2 Indoor pools= Kinsmen Aquatic Park (FLC) and the Crestwood Pool (no 50m pools)
3 Outdoor pools= Strathcona Pool, Heights Pool and the Hill Pool
Medicine Hat has a swimming lake= Echo Dale

Echo Dale, the largest of Medicine Hat’s parks, is located a short distance west of Medicine Hat along the South Saskatchewan River. The park has two man-made lakes: one for swimming and one for paddle boating and fishing.
Echo Dale Regional Park is an oasis for people and wildlife and has more than 110,000 visitors each year. Patrons range from sun-loving swimmers to those who enjoy sitting around a fire at night, to the regulars who walk the trails each day throughout the year, no matter how bad the weather!
From the historic farm site on the west side of the park to the day use area on the far east side of the park and all the others areas in between, the pristine condition of Echo Dale Regional Park is a favorite. Claim your favorite spot around the Swim Lake or set up for a family picnic at the boat lake which is stocked with rainbow trout for those wanting to fish.
New playground equipment in the shape of a pirate ship sits on the beach at the swim lake and new playground equipment at the boat lake, all add up to summertime fun!

Red Deer has a greater opportunity in having a real natural lake. Will Red Deer build a park? NO, they will likely plan on houses, and apartment buildings that may never get built, unless we go into a boom portion of the boom-bust cycle. This is the simplistic, easiest and safest plan with a low return on investment. It ignores the high-profile location and possibilities of the lake, but it has less risk. A wall will be built to hide the lake from Hwy 2.

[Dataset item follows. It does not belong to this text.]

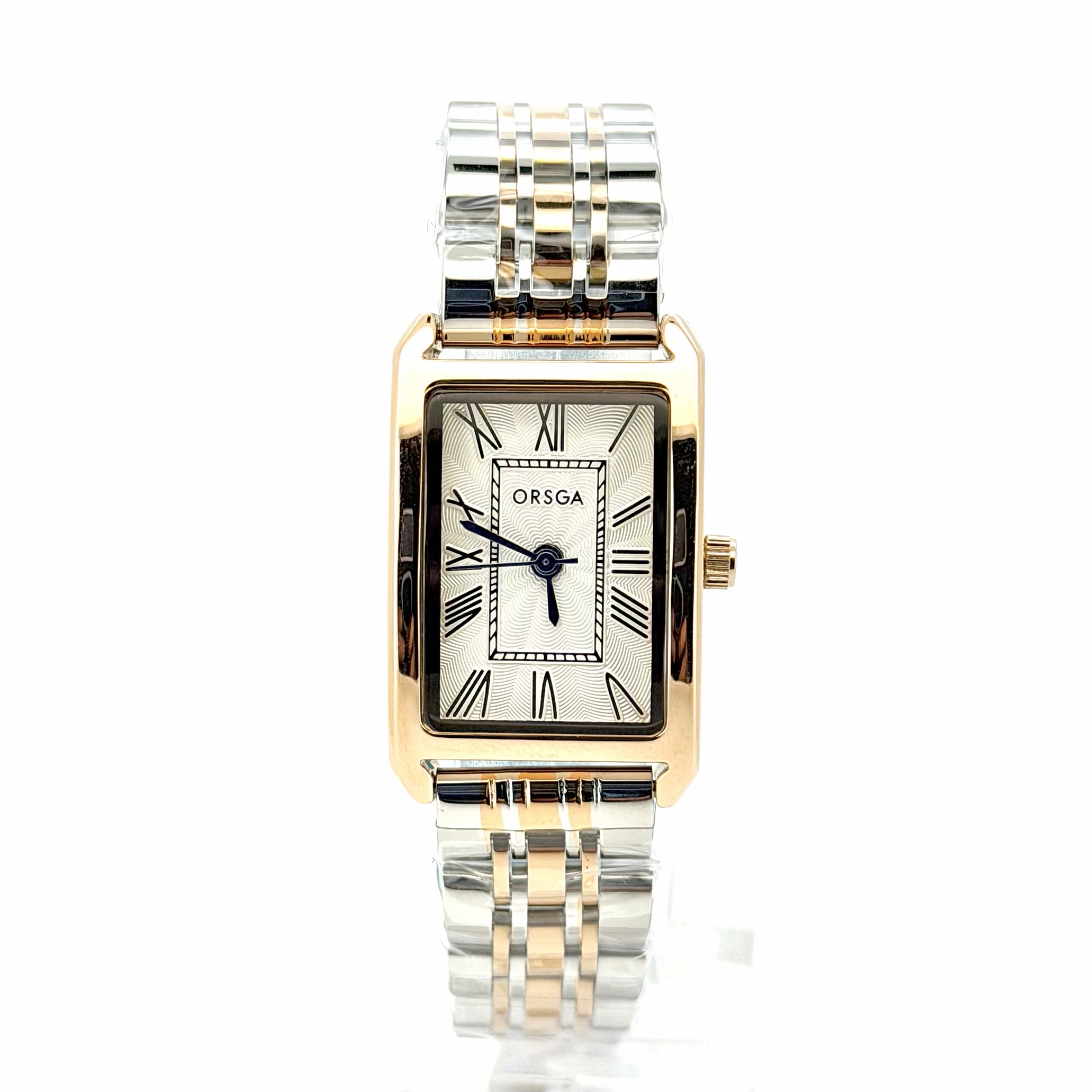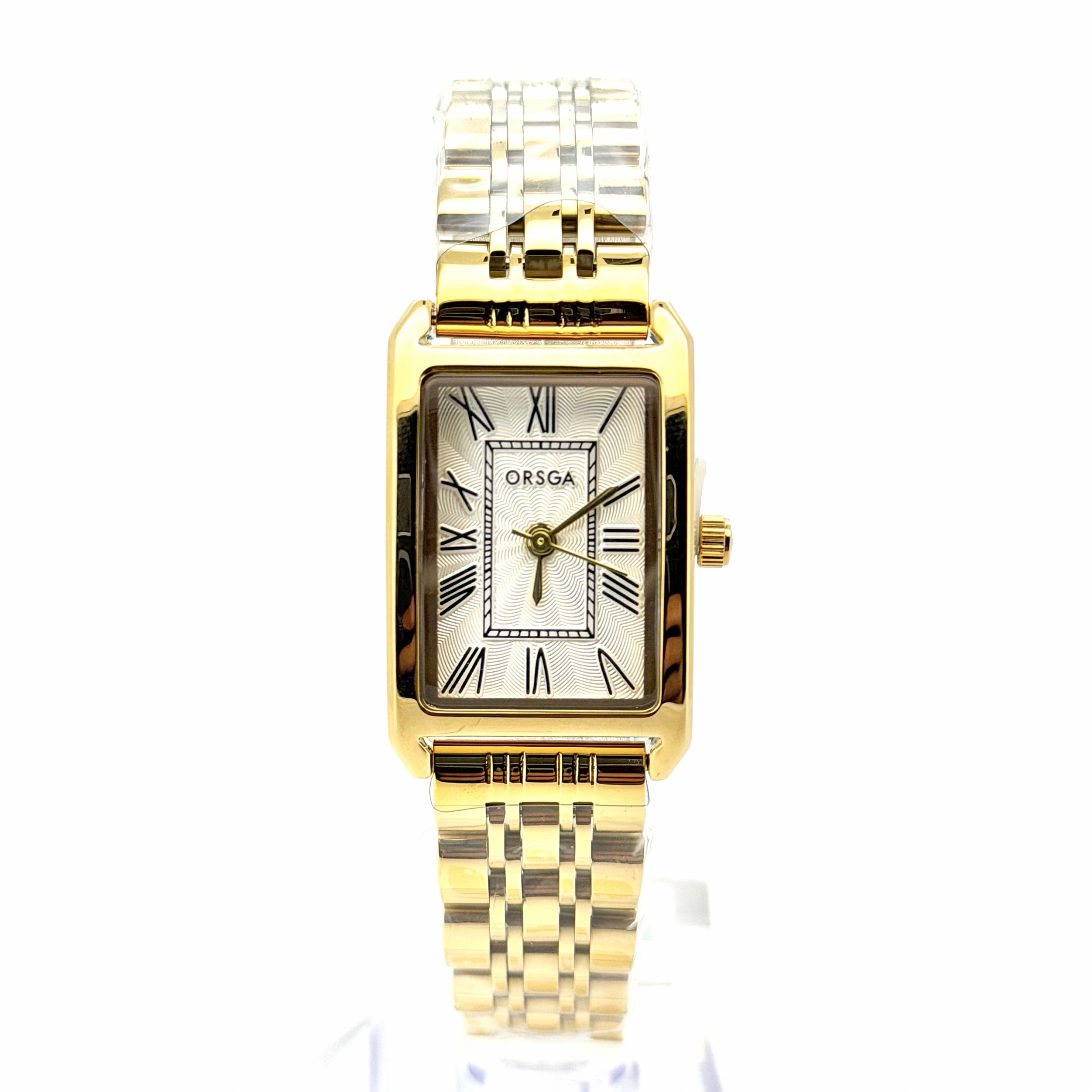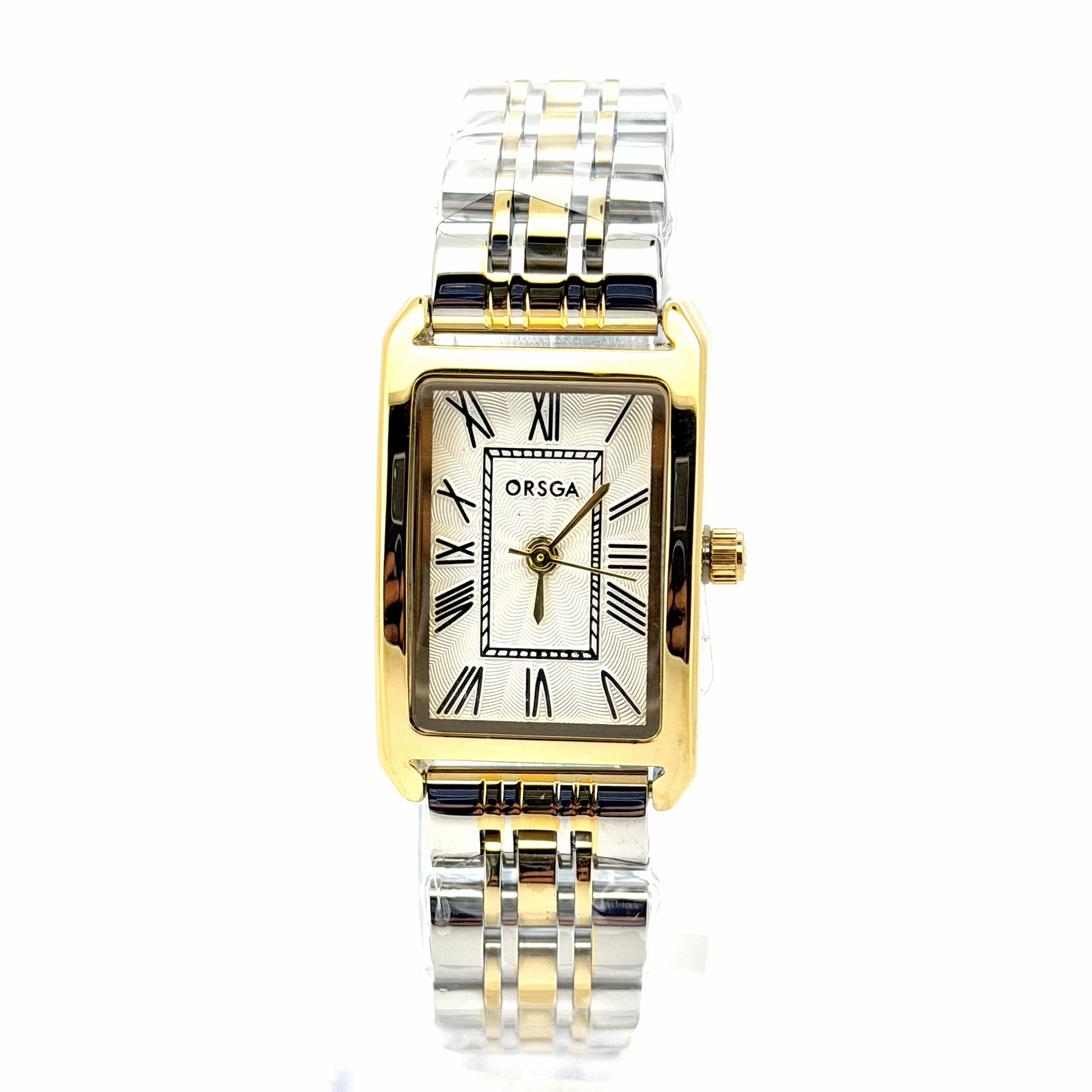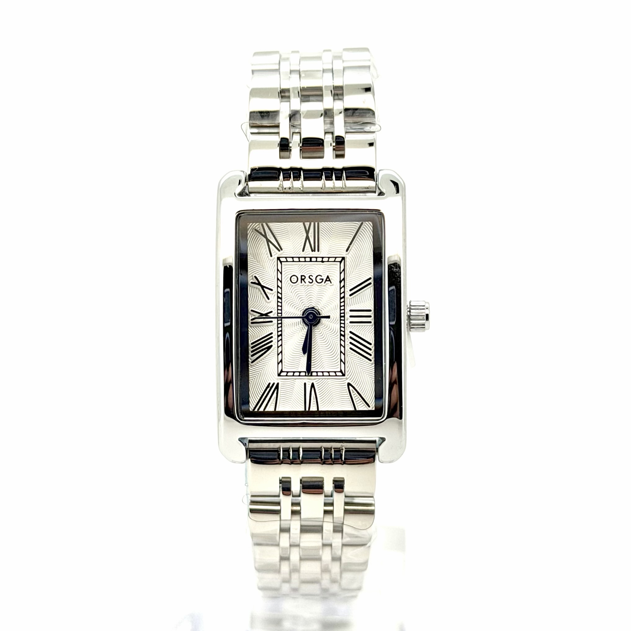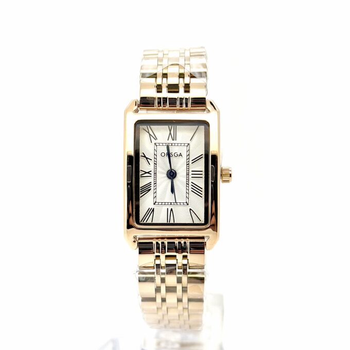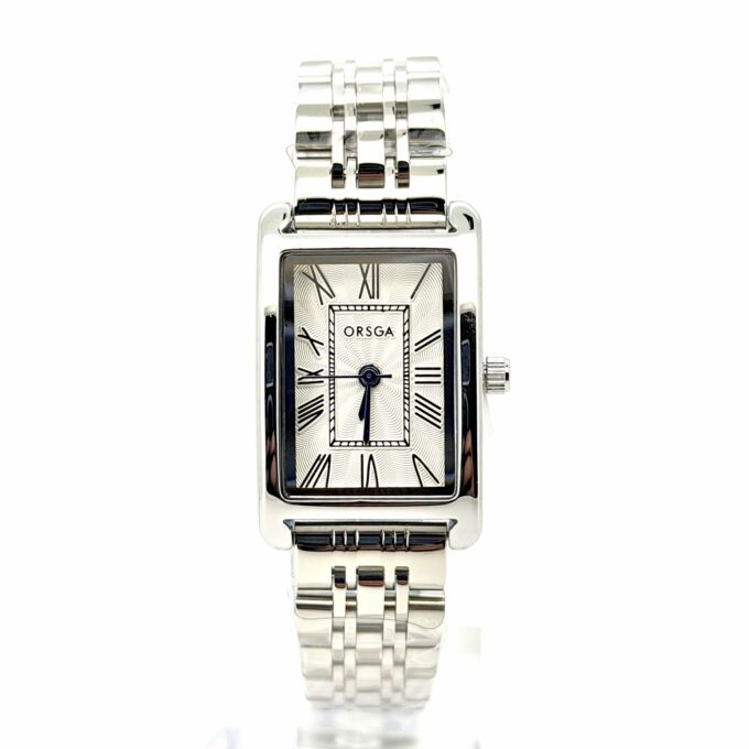 שעון אורסגה עם לוח מלבני שעובד על בטריה

Remember, Hazlett Lake is a natural lake that covers a surface area of 0.45 km2 (0.17 mi2), has an average depth of 3 meters (10 feet). Hazlett Lake has a total shore line of 4 kilometers (2 miles). It is 108.8 acres in size. Located in the north-west sector of Red Deer.
So, please, the next time you drive north on Hwy 2, as you pass the Hwy 11A turnoff, look out the passenger window and check out Hazlett Lake.
That lake is part of the City of Red Deer, and is a portion of a Major Area Structure Plan north of Hwy 11A previously mentioned. So as you drive by, think of what you would like to see done with your lake.
One scenario that could compliment the lake and address the desire for a regional aquatic centre and a 50-metre pool is turning the proposed community centre on the northeast corner of the lake into a Collicutt Centre type of complex.
What is more natural than having an aquatic centre on the lake? You could have your 50-metre pool inside, a lake for scuba diving, kayaking, canoeing, paddle boating, swimming, under-water photography, fishing, sun tanning, races, to name but a few.
The winter could see skating, hockey, to complement the indoor ice rink, as well as ice-fishing and ice sculptures and sleigh rides, again, to name but a few. This would all be visible to the traffic on Hwy 2.
Would a regional aquatic centre built on Hazlett Lake kick-start development in Red Deer’s north at a time of a slowdown in the energy sector? Would a Hazlett Lake regional aquatic centre, visible from Hwy 2, create a tourism trade that would bolster Red Deer’s hospitality industry? Would a Hazlett Lake regional aquatic centre enhance our position as a sports destination? Would a Hazlett Lake regional aquatic centre ensure that everyone would have an opportunity to enjoy the lake? I hope so.
I think the Hazlett Lake is worth preserving, and I hope that when my grandchildren drive north on Hwy 2 just past the Hwy 11A turnoff, that they will be able to look out the passenger side window and see Hazlett Lake.
Perhaps they will be able to tan on a beach, watch a naturescape in action, paddle a canoe, swim, skate, maybe have a bonfire on a beach and roast a marshmallow. We do need to act now, before the plans get too entrenched in the least desired direction.
Please contact the city before it is too late.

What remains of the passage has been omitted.